Continua il braccio di ferro sindacati-Unité Mont-Émilius sui servizi alla persona (©Unité Mont-Émilius) - La Giunta dell'Unité des Communes valdôtaines du Mont-Émilius nella consiliatura 2020/25

Il giudice del lavoro del Tribunale di Aosta ha sospeso la validità della delibera adottata dall’Unité des Communes valdôtaines du Mont-Émilius il 16 dicembre 2020, quale atto di indirizzo per l’esternalizzazione dei servizi alla persona.
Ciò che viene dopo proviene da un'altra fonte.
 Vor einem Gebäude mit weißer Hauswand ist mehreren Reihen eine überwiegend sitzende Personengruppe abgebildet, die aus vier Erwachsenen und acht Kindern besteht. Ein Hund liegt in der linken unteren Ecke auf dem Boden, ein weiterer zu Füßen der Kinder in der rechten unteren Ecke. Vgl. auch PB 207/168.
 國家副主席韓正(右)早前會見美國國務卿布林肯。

L’opposizione era stata presentata dalle Funzioni Pubbliche di Cgil, CISL e Uil, che avevano accusato l’Unité di comportamento antisindacale: «L’Unité ha deliberato senza neppure confrontarsi con noi e le nostre organizzazioni sindacali non vedono di buon occhio l’esternalizzazione di un servizio pubblico a favore dei privati. Non capiamo quale sia il modus operandi dell’Ente, a parte l’atteggiamento intriso di superbia, che ha con noi – e di conseguenza con i lavoratori-. Quale sia la motivazione vera di esternalizzare i servizi assistenziali ci sfugge, tenendo conto che per ammissione dell’Ente stesso non pare sia dovuto a una questione economica. Esternalizzare un servizio assistenziale a un privato, a discapito del pubblico, comporterebbe disagi sia per le lavoratrici sia per i lavoratori e di riflesso verso gli utenti, che usufruiscono del servizio. Non potevamo far altro che evidenziare come l’atteggiamento dell’Ente fosse antisindacale».
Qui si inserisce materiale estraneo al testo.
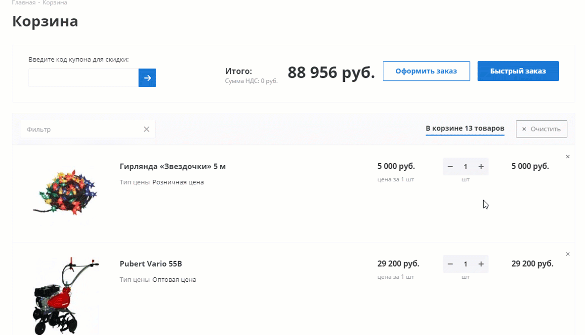 Новая корзина с фильтром, восстановлением удаленных товаров и отдельными настройками для мобильных

I sindacati si dicono aperti al confronto. «Se l’Ente, invece, continuasse a sostenere la sua linea e non tornasse sui suoi passi (per quanto concerne l’esternalizzazione), anche noi continueremmo imperterriti lungo il nostro percorso a favore dei lavoratori e dei cittadini, perché quello che sta cercando di “mettere in moto” l’Unité comporterebbe un effetto domino a discapito delle lavoratrici, dei lavoratori e degli utenti. E noi non possiamo permetterglielo!».

Andare avanti è invece proprio ciò che intende fare l’Unité des Communes valdôtaines du Mont-Émilius. Dando seguito a quanto disposto dal giudice del lavoro del Tribunale di Aosta, tutti i sindaci incontreranno le organizzazioni sindacali, per illustrare loro le finalità e modalità dell’esternalizzazione dei servizi alla persona.

L’Unité scrive in una nota di non esserci costituita nel giudizio promosso dalle organizzazioni sindacali ritenendo di non aver adottato un comportamento antisindacale, perché un confronto con le parti sociali non appariva necessario: «Intanto il provvedimento adottato è una delibera di intenti senza alcuna data di inizio di attività, l’esternalizzazione non avrà ricadute sui dipendenti – spiega il presidente Michel Martinet – poiché nessuno degli attuali addetti sarà licenziato, anzi, supponiamo che la nostra decisione produrrà addirittura benefici occupazionali, visto che il gestore dovrà assumere nuovi dipendenti».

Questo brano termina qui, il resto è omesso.